■ Exercise aim ■
Could you retype the records word for word but without any pictures?

■ Study material ■
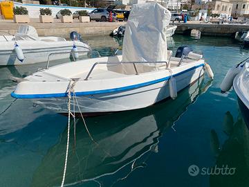 Vendesi New Murena 550, barca open spaziosa e sicura, ideale per uscite giornaliere in famiglia o battute di pesca. Motorizzata con Yamaha 80CV 4 Tempi (2010), motore sinonimo di affidabilità, silenziosità e consumi ridottissimi.
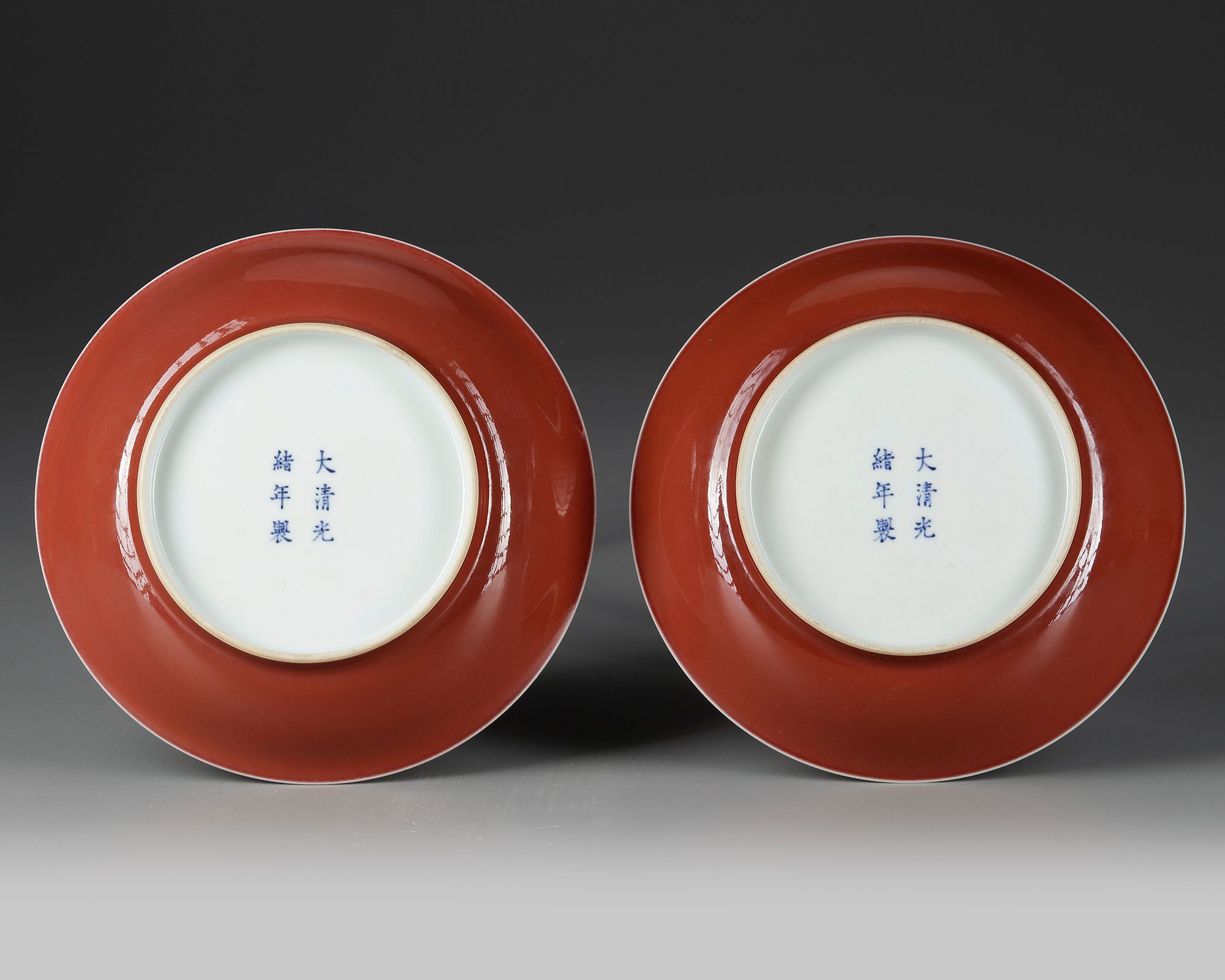 A pair of Chinese porcelain dishes, rounded sides rising from a wedge-shaped foot to the slightly everted rim, and the exterior is covered with a variegated red glaze thinning to white at the rim and foot. The bottom with a Chinese Guangxu six character mark.
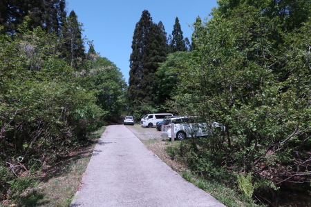 駐車場を出て出発。駐車場は左側です。
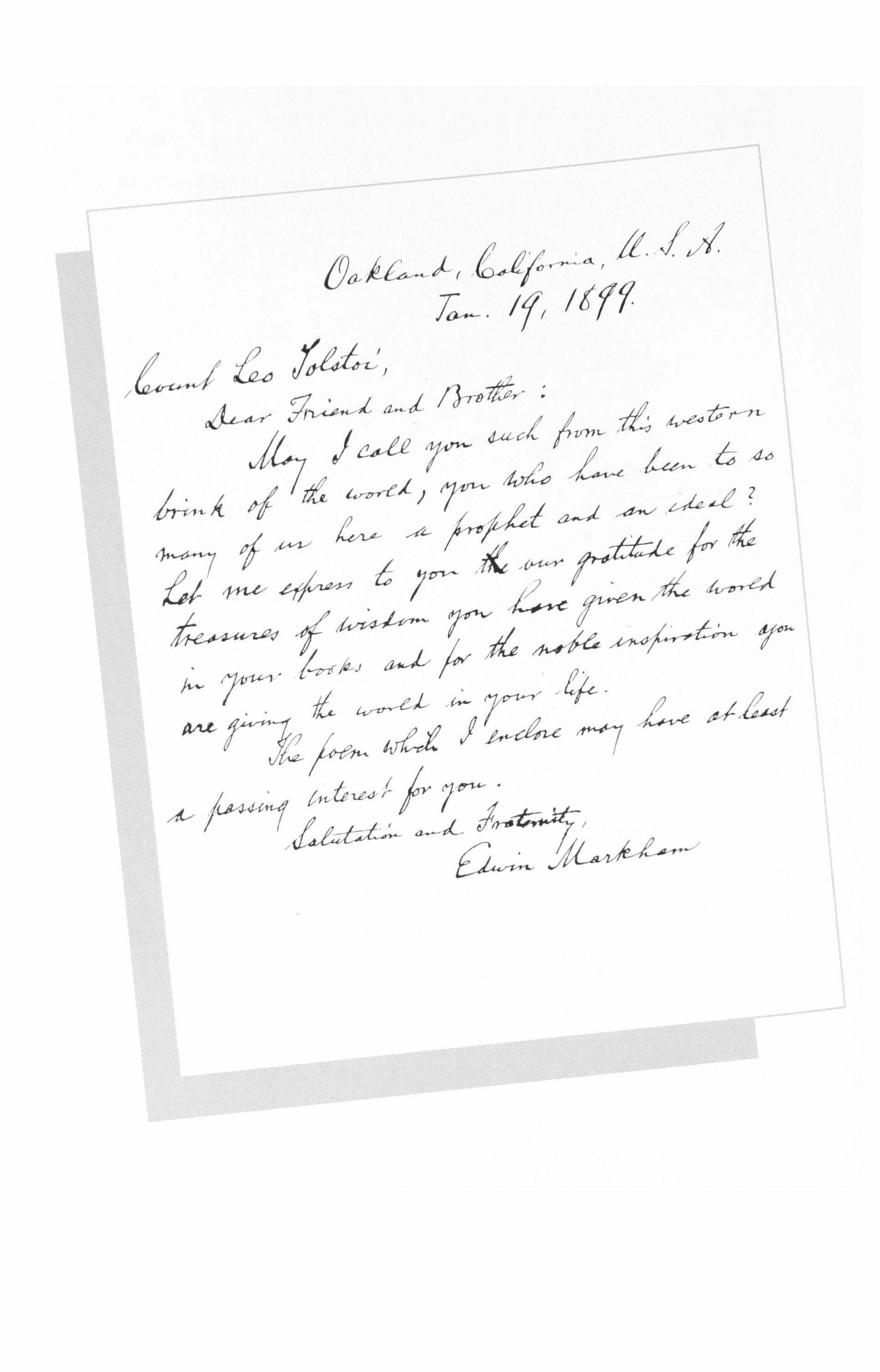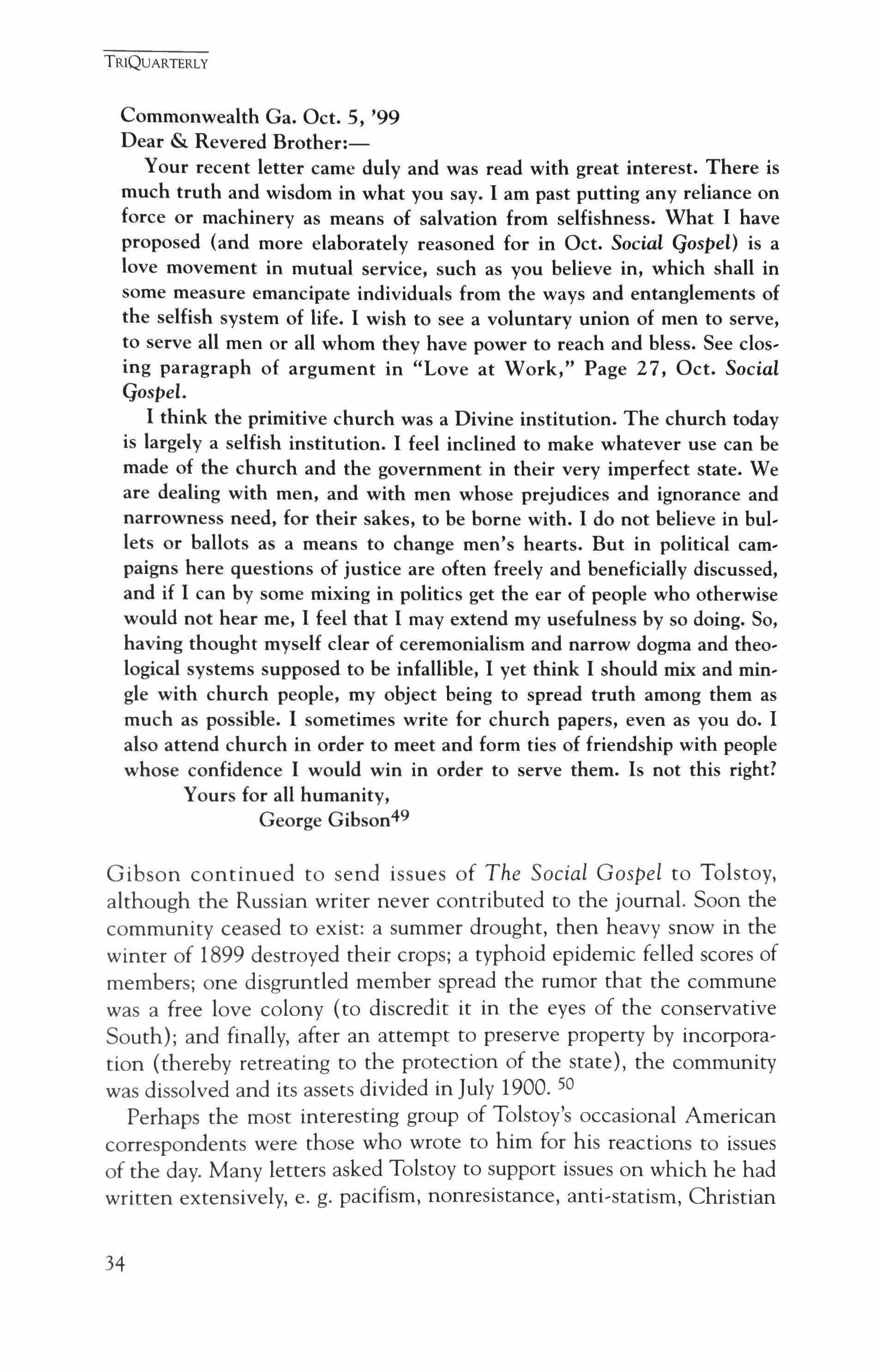 Caught up with the moral and religious message of Tolstoy, Americans wrote him over 1,700 letters.2 (This number, given Russian government censorship, is probably less than the number of letters sent and does not include hundreds of books, pamphlets and other publica, tions received from the U.S.) These American correspondents provide a fresh indication of who was reading Tolstoy and how these average read, ers reacted to his works. Surprisingly, there are very few letters from leading American political, social or intellectual figures. The only politician of national reputation to write was William Jennings Bryan; the most prominent social activists to contact him were Henry George, Frances E. Willard (head of the Women's Christian Temperance Union), Clara Barton and Jane Addams (who visited him but did not write); and among writers and poets, only Edward Markham. Who then comprised his American correspondents? A remarkably various collection of men and women who shared Tolstoy's concern for "true" Christianity and the teachings of Christ, for nonviolence and nonresistance, for social justice, for abstinence from meat, alcohol, political activity and sexual relations, for land reform and the single tax, for free' dom from government interference and coercion. Their reasons for writ, ing were equally varied: to share religious and moral views inspired by his works; to ask for interpretations of his writings; to receive his reactions to their own writings; to share views of other writers; to explain their own similar ideas; to receive his advice on troubling questions; and even simply to get Tolstoy's autograph.
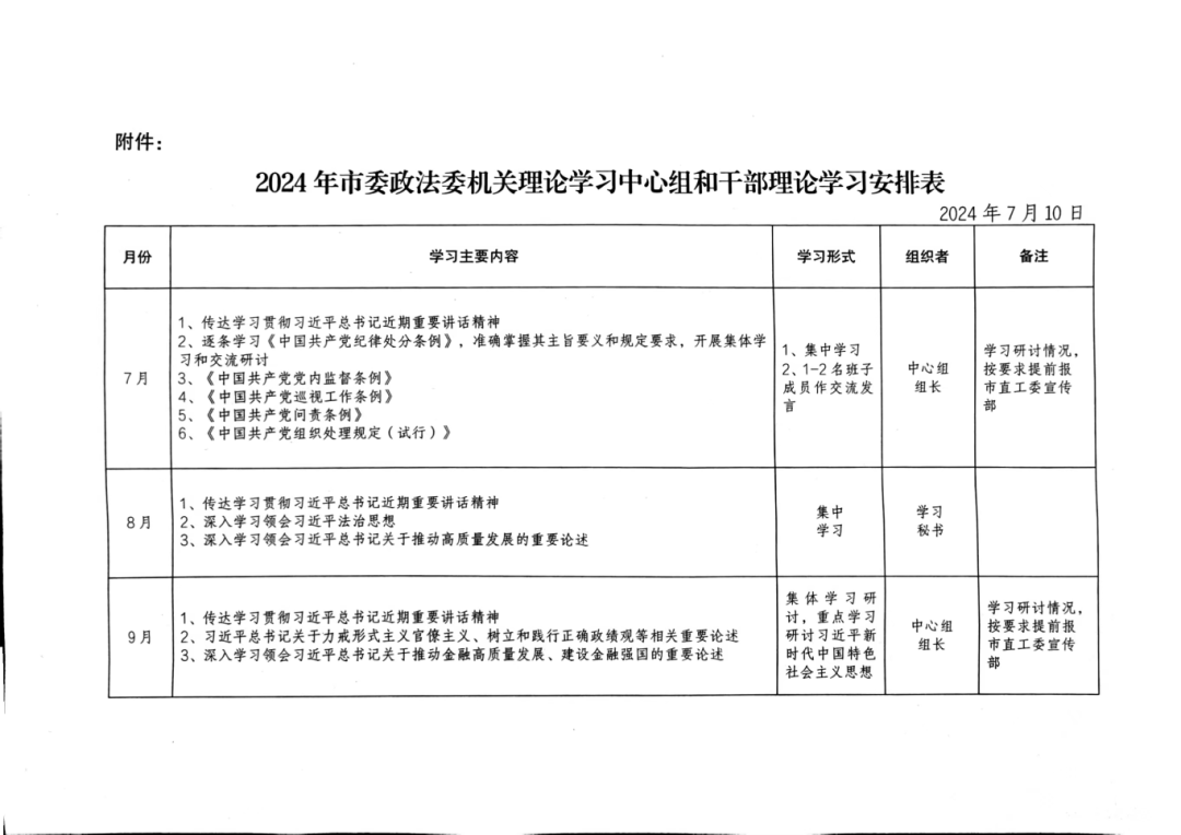 (一)强化中心组带头学,发挥示范引领作用。根据普法责任清单和全市政法工作实际,制定了《2024年市委政法委机关理论学习中心组和干部理论学习重点内容安排》,列出了中心组学习清单,明确了学习内容,采取集体学习和个人自学的方式,进行普法教育。委领导班子理论学习中心组先后共开展11次法治专题学习,引领全体党员干部积极主动开展学习教育,推动机关形成浓厚学习氛围。
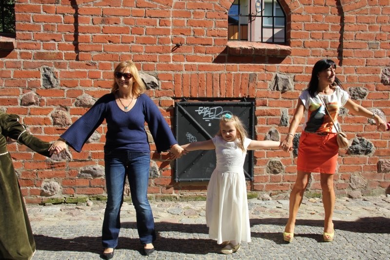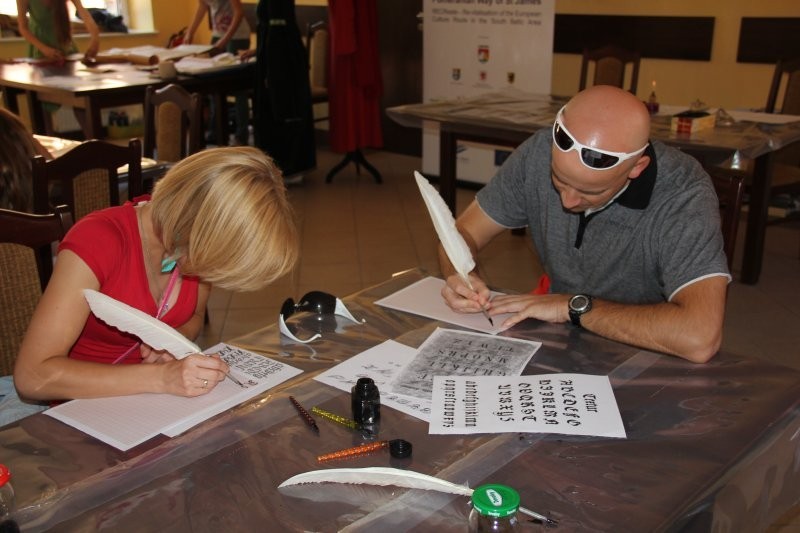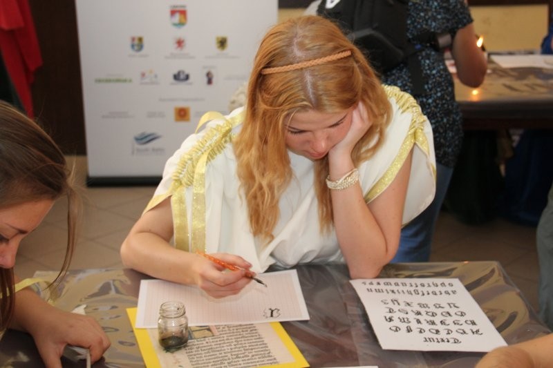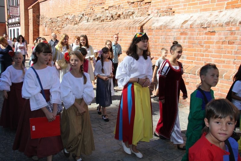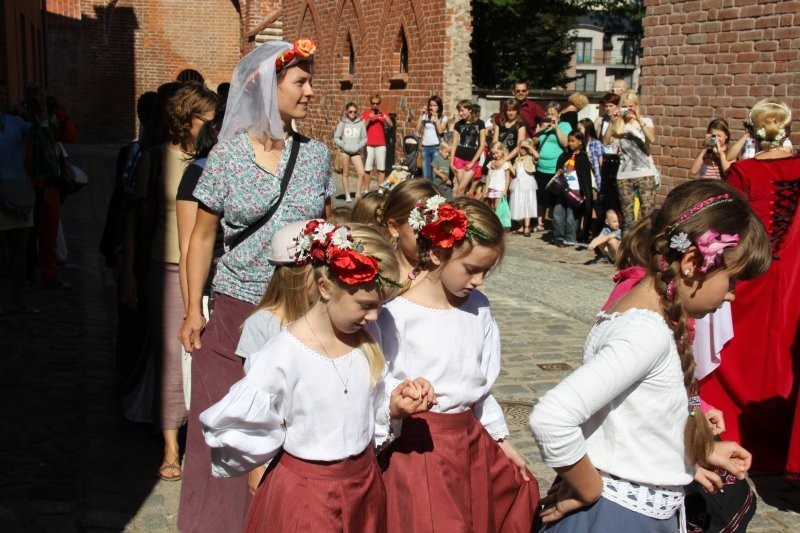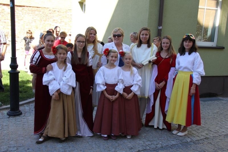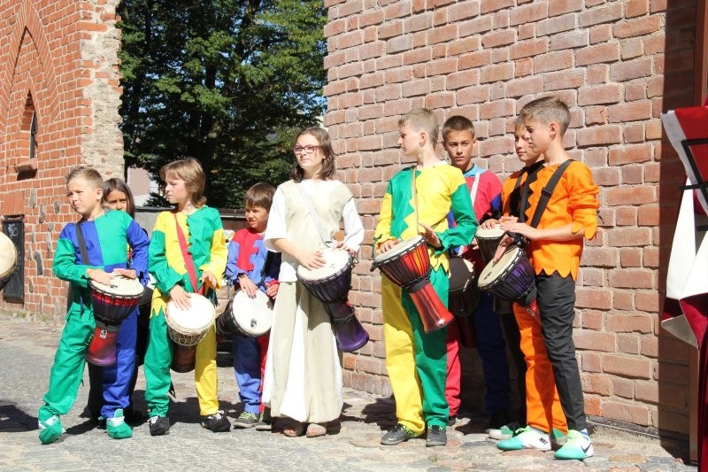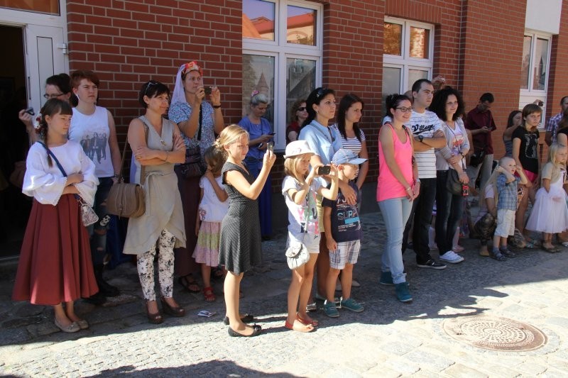 Korowód z bębniarzami, akrobatami wyruszył o godz. 11 z rogu ulicy Staromiejskiej i Skłodowskiej. Po drodze barwna kawalkada odwiedziła rycerzy w baszcie nr 32, gdzie można było poznać tajniki średniowiecznego życia. Taneczne warsztaty odbyły się przed przeszkloną basztą nr 24, udostępnioną zresztą do zwiedzania. Dopisała pogoda i uczestnicy. Zebrani uczyli się tańczyć Pavanę i Branle. Zespół muzyki Dawnej INCANTARE zaprezentował swój nowy instrument muzyczny fidelę basową. Wystąpiła także grupa bębniarzy SLAP prowadzona przez Piotra Fugiela. Kolejną atrakcją były warsztaty pisania „Ze starego kałamarza” oraz pieczętowanie lakiem. Aula im. Jana Pawła II w domu parafialnym kościoła św. Jakuba Ap. przez ponad godzinę zamieniła w centrum dawnego piśmiennictwa.

■ Exercise result ■
 Vendesi New Murena 550, barca open spaziosa e sicura, ideale per uscite giornaliere in famiglia o battute di pesca. Motorizzata con Yamaha 80CV 4 Tempi (2010), motore sinonimo di affidabilità, silenziosità e consumi ridottissimi.
 A pair of Chinese porcelain dishes, rounded sides rising from a wedge-shaped foot to the slightly everted rim, and the exterior is covered with a variegated red glaze thinning to white at the rim and foot. The bottom with a Chinese Guangxu six character mark.
 駐車場を出て出発。駐車場は左側です。
 Caught up with the moral and religious message of Tolstoy, Americans wrote him over 1,700 letters.2 (This number, given Russian government censorship, is probably less than the number of letters sent and does not include hundreds of books, pamphlets and other publica, tions received from the U.S.) These American correspondents provide a fresh indication of who was reading Tolstoy and how these average read, ers reacted to his works. Surprisingly, there are very few letters from leading American political, social or intellectual figures. The only politician of national reputation to write was William Jennings Bryan; the most prominent social activists to contact him were Henry George, Frances E. Willard (head of the Women's Christian Temperance Union), Clara Barton and Jane Addams (who visited him but did not write); and among writers and poets, only Edward Markham. Who then comprised his American correspondents? A remarkably various collection of men and women who shared Tolstoy's concern for "true" Christianity and the teachings of Christ, for nonviolence and nonresistance, for social justice, for abstinence from meat, alcohol, political activity and sexual relations, for land reform and the single tax, for free' dom from government interference and coercion. Their reasons for writ, ing were equally varied: to share religious and moral views inspired by his works; to ask for interpretations of his writings; to receive his reactions to their own writings; to share views of other writers; to explain their own similar ideas; to receive his advice on troubling questions; and even simply to get Tolstoy's autograph.
 (一)强化中心组带头学,发挥示范引领作用。根据普法责任清单和全市政法工作实际,制定了《2024年市委政法委机关理论学习中心组和干部理论学习重点内容安排》,列出了中心组学习清单,明确了学习内容,采取集体学习和个人自学的方式,进行普法教育。委领导班子理论学习中心组先后共开展11次法治专题学习,引领全体党员干部积极主动开展学习教育,推动机关形成浓厚学习氛围。
 Korowód z bębniarzami, akrobatami wyruszył o godz. 11 z rogu ulicy Staromiejskiej i Skłodowskiej. Po drodze barwna kawalkada odwiedziła rycerzy w baszcie nr 32, gdzie można było poznać tajniki średniowiecznego życia. Taneczne warsztaty odbyły się przed przeszkloną basztą nr 24, udostępnioną zresztą do zwiedzania. Dopisała pogoda i uczestnicy. Zebrani uczyli się tańczyć Pavanę i Branle. Zespół muzyki Dawnej INCANTARE zaprezentował swój nowy instrument muzyczny fidelę basową. Wystąpiła także grupa bębniarzy SLAP prowadzona przez Piotra Fugiela. Kolejną atrakcją były warsztaty pisania „Ze starego kałamarza” oraz pieczętowanie lakiem. Aula im. Jana Pawła II w domu parafialnym kościoła św. Jakuba Ap. przez ponad godzinę zamieniła w centrum dawnego piśmiennictwa.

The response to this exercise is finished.